# Task statement
Within the records below is a range that opens at the line with "二是用冲凿具直接在银元上敲刻" and closes at the line with "比如《米兰体育报》将齐沃放上". Return that range word for word, both ends included, and only that range.

# Given data
_____

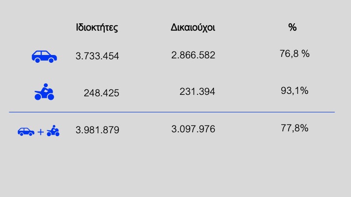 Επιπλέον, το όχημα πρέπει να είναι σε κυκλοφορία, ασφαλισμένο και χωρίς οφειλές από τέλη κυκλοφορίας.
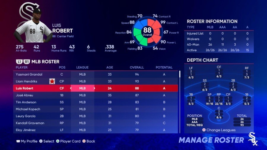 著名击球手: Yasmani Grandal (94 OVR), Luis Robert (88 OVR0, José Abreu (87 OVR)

_____

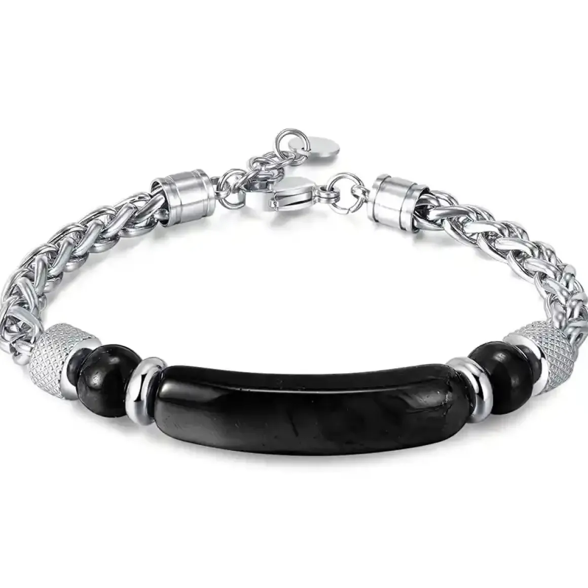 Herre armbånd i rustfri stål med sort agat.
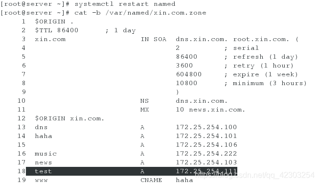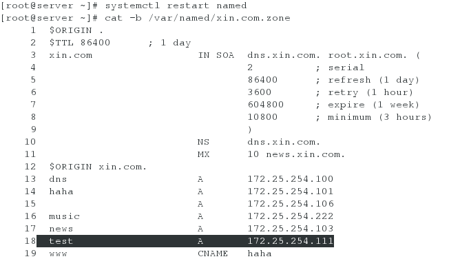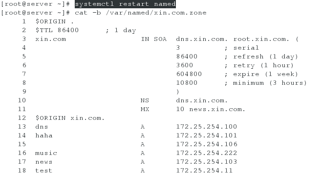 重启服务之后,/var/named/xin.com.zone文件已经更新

_____

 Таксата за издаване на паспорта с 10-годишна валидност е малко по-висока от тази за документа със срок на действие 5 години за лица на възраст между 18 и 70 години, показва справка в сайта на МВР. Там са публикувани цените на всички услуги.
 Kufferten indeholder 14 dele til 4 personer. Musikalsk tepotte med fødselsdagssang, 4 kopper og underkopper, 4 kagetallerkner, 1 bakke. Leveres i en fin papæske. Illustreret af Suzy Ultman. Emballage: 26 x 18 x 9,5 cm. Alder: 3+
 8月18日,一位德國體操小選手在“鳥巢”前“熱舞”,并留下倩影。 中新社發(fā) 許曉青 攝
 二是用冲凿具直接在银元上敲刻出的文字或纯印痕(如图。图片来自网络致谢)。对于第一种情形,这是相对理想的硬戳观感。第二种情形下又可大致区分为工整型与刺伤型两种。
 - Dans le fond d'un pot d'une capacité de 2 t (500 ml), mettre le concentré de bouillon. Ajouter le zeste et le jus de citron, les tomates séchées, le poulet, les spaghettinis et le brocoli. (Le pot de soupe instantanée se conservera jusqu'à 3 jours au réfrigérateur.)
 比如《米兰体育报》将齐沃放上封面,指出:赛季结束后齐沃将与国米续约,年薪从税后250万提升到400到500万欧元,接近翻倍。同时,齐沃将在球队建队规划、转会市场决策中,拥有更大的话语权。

_____

# Exercise result
 二是用冲凿具直接在银元上敲刻出的文字或纯印痕(如图。图片来自网络致谢)。对于第一种情形,这是相对理想的硬戳观感。第二种情形下又可大致区分为工整型与刺伤型两种。
 - Dans le fond d'un pot d'une capacité de 2 t (500 ml), mettre le concentré de bouillon. Ajouter le zeste et le jus de citron, les tomates séchées, le poulet, les spaghettinis et le brocoli. (Le pot de soupe instantanée se conservera jusqu'à 3 jours au réfrigérateur.)
 比如《米兰体育报》将齐沃放上封面,指出:赛季结束后齐沃将与国米续约,年薪从税后250万提升到400到500万欧元,接近翻倍。同时,齐沃将在球队建队规划、转会市场决策中,拥有更大的话语权。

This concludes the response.